* **Provided records**:
--

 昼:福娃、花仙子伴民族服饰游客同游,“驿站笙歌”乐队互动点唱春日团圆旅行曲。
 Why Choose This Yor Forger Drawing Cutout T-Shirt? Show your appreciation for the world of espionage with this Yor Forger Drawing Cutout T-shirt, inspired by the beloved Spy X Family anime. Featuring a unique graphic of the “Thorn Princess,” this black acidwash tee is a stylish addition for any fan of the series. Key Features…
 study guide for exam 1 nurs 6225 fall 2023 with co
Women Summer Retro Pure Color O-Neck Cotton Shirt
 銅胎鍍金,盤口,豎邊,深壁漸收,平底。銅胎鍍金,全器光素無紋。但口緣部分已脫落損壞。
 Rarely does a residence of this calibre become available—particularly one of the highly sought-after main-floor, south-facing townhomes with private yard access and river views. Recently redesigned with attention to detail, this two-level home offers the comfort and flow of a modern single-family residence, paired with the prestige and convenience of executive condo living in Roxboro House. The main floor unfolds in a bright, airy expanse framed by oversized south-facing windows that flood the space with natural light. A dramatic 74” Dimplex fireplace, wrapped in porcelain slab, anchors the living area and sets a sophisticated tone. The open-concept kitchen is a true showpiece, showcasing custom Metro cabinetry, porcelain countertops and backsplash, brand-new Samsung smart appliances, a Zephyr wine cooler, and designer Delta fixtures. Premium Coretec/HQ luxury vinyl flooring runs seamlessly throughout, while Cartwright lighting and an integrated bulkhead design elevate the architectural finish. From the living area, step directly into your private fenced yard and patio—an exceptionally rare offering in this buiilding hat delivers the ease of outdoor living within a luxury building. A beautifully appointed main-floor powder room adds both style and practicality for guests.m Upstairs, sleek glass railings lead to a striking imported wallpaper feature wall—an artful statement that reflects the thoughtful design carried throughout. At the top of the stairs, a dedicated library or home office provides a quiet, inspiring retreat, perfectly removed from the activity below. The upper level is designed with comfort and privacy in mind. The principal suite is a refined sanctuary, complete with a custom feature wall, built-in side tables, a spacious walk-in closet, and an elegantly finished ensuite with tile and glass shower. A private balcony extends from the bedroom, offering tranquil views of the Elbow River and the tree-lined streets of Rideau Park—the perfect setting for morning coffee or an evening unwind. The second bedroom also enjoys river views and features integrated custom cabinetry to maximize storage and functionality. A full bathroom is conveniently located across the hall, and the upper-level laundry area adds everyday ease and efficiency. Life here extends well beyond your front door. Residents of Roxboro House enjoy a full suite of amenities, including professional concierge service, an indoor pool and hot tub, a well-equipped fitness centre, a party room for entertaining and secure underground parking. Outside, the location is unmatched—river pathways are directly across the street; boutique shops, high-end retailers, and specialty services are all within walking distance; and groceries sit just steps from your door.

--

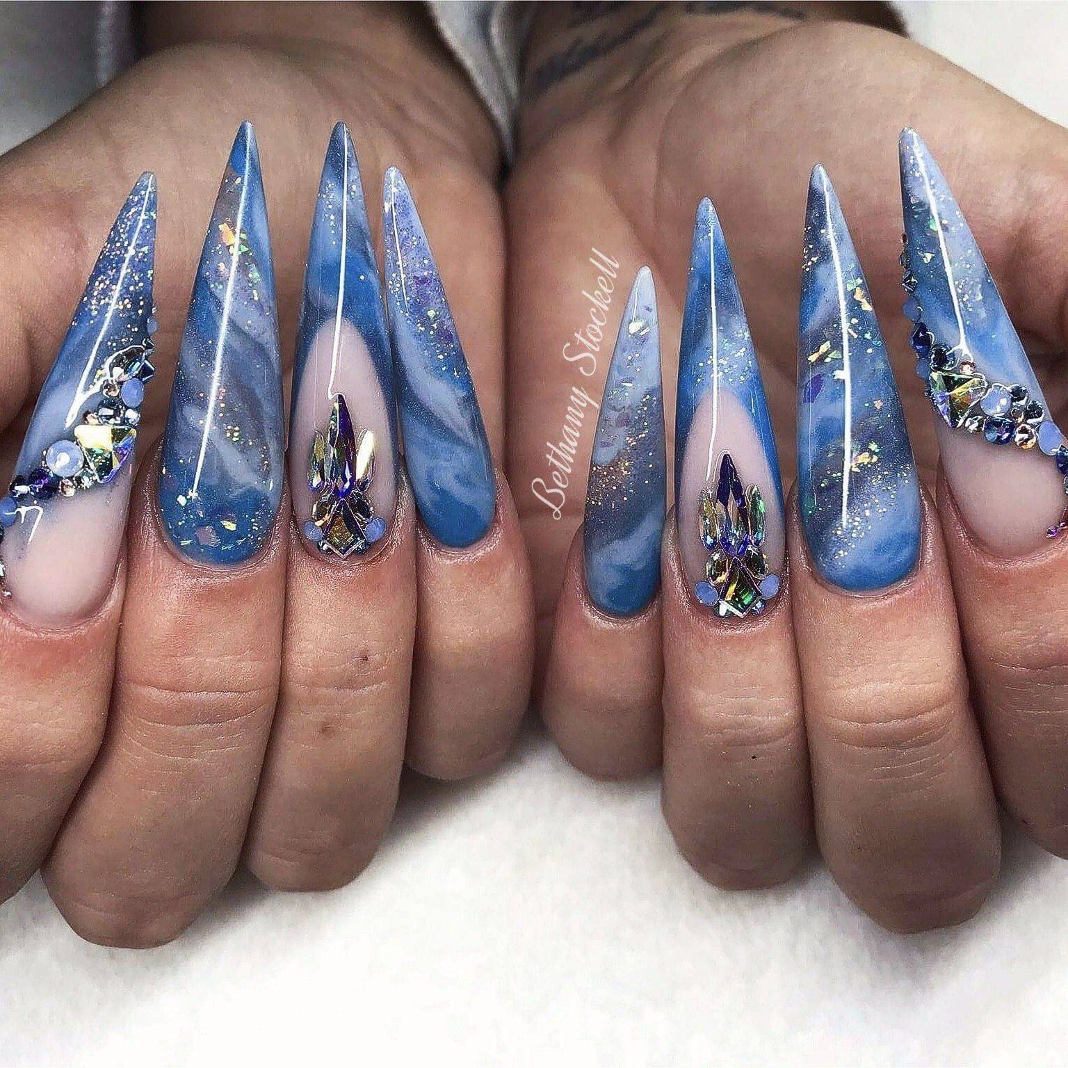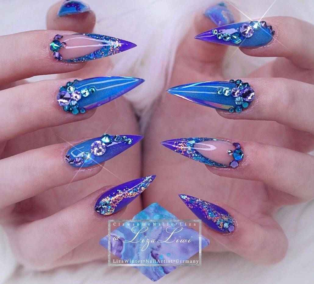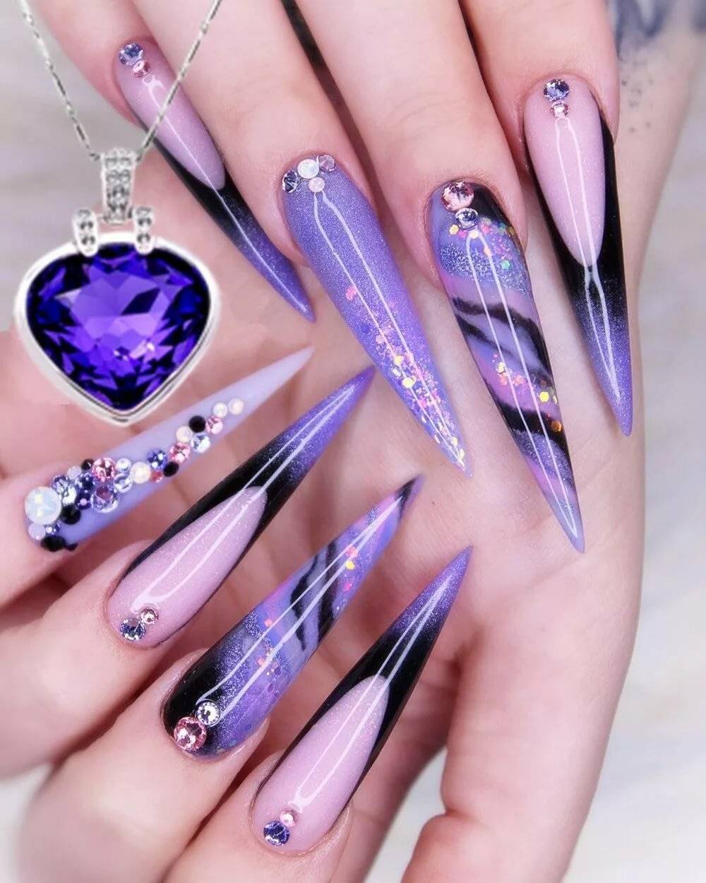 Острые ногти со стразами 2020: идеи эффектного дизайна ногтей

--

* **Brief**:
Above are some lines. Repeat exactly, and only, those from the line that has "Why Choose This" through the line that has "銅胎鍍金,盤口,豎邊,深壁漸".

* **Answer space**:
 Why Choose This Yor Forger Drawing Cutout T-Shirt? Show your appreciation for the world of espionage with this Yor Forger Drawing Cutout T-shirt, inspired by the beloved Spy X Family anime. Featuring a unique graphic of the “Thorn Princess,” this black acidwash tee is a stylish addition for any fan of the series. Key Features…
 study guide for exam 1 nurs 6225 fall 2023 with co
Women Summer Retro Pure Color O-Neck Cotton Shirt
 銅胎鍍金,盤口,豎邊,深壁漸收,平底。銅胎鍍金,全器光素無紋。但口緣部分已脫落損壞。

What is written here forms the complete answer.